No I have not spoken with anyone at this time but i will when i have a chance. I am very familiar with gar and carp, also they were so close to me that there could be no mistake as to their identity. If you get down there especially this month you may get lucky and see them. i just saw them between sept 14th - 17th.


----------



## fish hawk (Sep 23, 2015)

Years ago while fishing the Altamaha around the Paradise/ Penholloway creek area catching a glimpse of a leaping sturgeon was not a uncommon site.


----------



## EAGLE EYE 444 (Sep 23, 2015)

I vaguely remember back in the 1992-1995 range, a guy   caught what turned out to be a sturgeon in the Oconee River rapids area in the east side city limits of Milledgeville and I think that it weighed about 110 pounds or so.  I remember seeing a photo and also reading the story about it back then in the newspaper.  I believe that the guy didn't know what he had caught originally as he just knew that it was a monster of a fish that looked prehistoric.

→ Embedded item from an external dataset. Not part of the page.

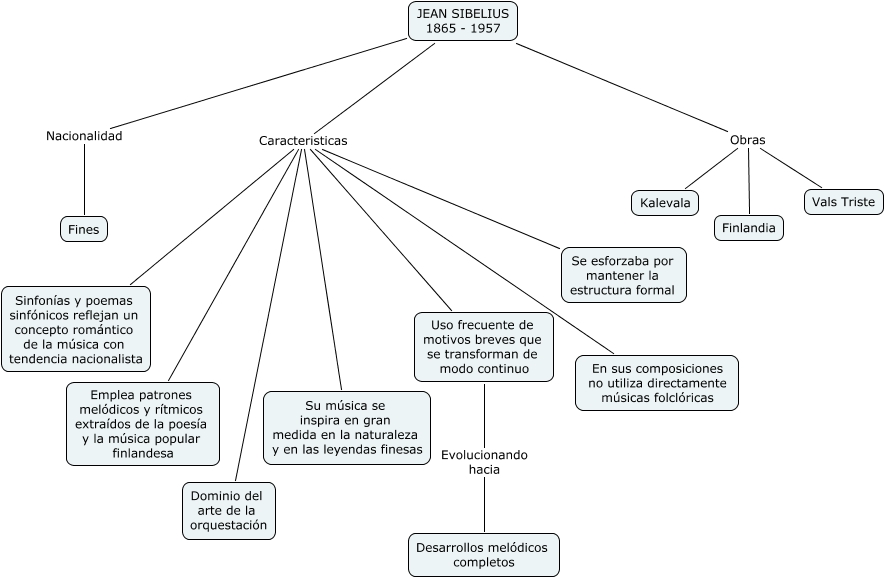 Sibelius, JEAN SIBELIUS 1865 - 1957 Caracteristicas Su música se inspira en gran medida en la naturaleza y en las leyendas finesas, JEAN SIBELIUS 1865 - 1957 Obras Finlandia, JEAN SIBELIUS 1865 - 1957 Caracteristicas En sus composiciones no utiliza directamente músicas folclóricas, JEAN SIBELIUS 1865 - 1957 Caracteristicas Uso frecuente de motivos breves que se transforman de modo continuo, JEAN SIBELIUS 1865 - 1957 Caracteristicas Emplea patrones melódicos y rítmicos extraídos de la poesía y la música popular finlandesa, JEAN SIBELIUS 1865 - 1957 Caracteristicas Sinfonías y poemas sinfónicos reflejan un concepto romántico de la música con tendencia nacionalista, JEAN SIBELIUS 1865 - 1957 Nacionalidad Fines, JEAN SIBELIUS 1865 - 1957 Obras Vals Triste, JEAN SIBELIUS 1865 - 1957 Caracteristicas Se esforzaba por mantener la estructura formal, JEAN SIBELIUS 1865 - 1957 Obras Kalevala

I tried googling for any information about it but I couldn't find anything on it.


----------



## trad bow (Sep 23, 2015)

I saw the sturgeon caught back in the nineties in the back of a black fellows car. By then the meat was ruined. I have seen one other caught below the Sinclair dam in the tailrace around 2001.


----------



## Big PaPa Butch (Sep 23, 2015)

Thanks for all the replies, they are there and it would seem in great numbers judging by the ones I saw on the trip down the Oconee river. we take this trip every year if anyone would like to join in next year.


----------



## Southernhoundhunter (Sep 23, 2015)

They are quite plentiful in the Altamaha, would make sense that they're in the Oconee


----------



## cddogfan1 (Sep 24, 2015)

I saw one once in the shallows on the Oconee river in Dublin.  Was about 3 foot long.


----------



## Big PaPa Butch (Sep 26, 2015)

Its just amazing that as much time as I have spent on that river that I have not actually seen them until now! I guess September must be a migratory month?


----------



## mrowland96 (Sep 30, 2015)

Me an ODR saw several in the Ocmulgee north of Macon, search Ocmulgee Sturgeon on YouTube. It's awesome to see prehistoric fish making a comeback. The one in the video was every bit of 6-7' long. Saw one that was closer to 9' as well.


----------



## 61BelAir (May 25, 2016)

Sorry to resurrect an old thread, but I'm new here and just catching up on stuff.   Interesting to read local threads like this.  
I am hoping to make the Milledgeville to Balls Ferry (Toomsboro) trip with kayaks and canoes soon.    4 days?    We haven't been and were hoping to make it in a full 2 days.   Might have to rethink that now.     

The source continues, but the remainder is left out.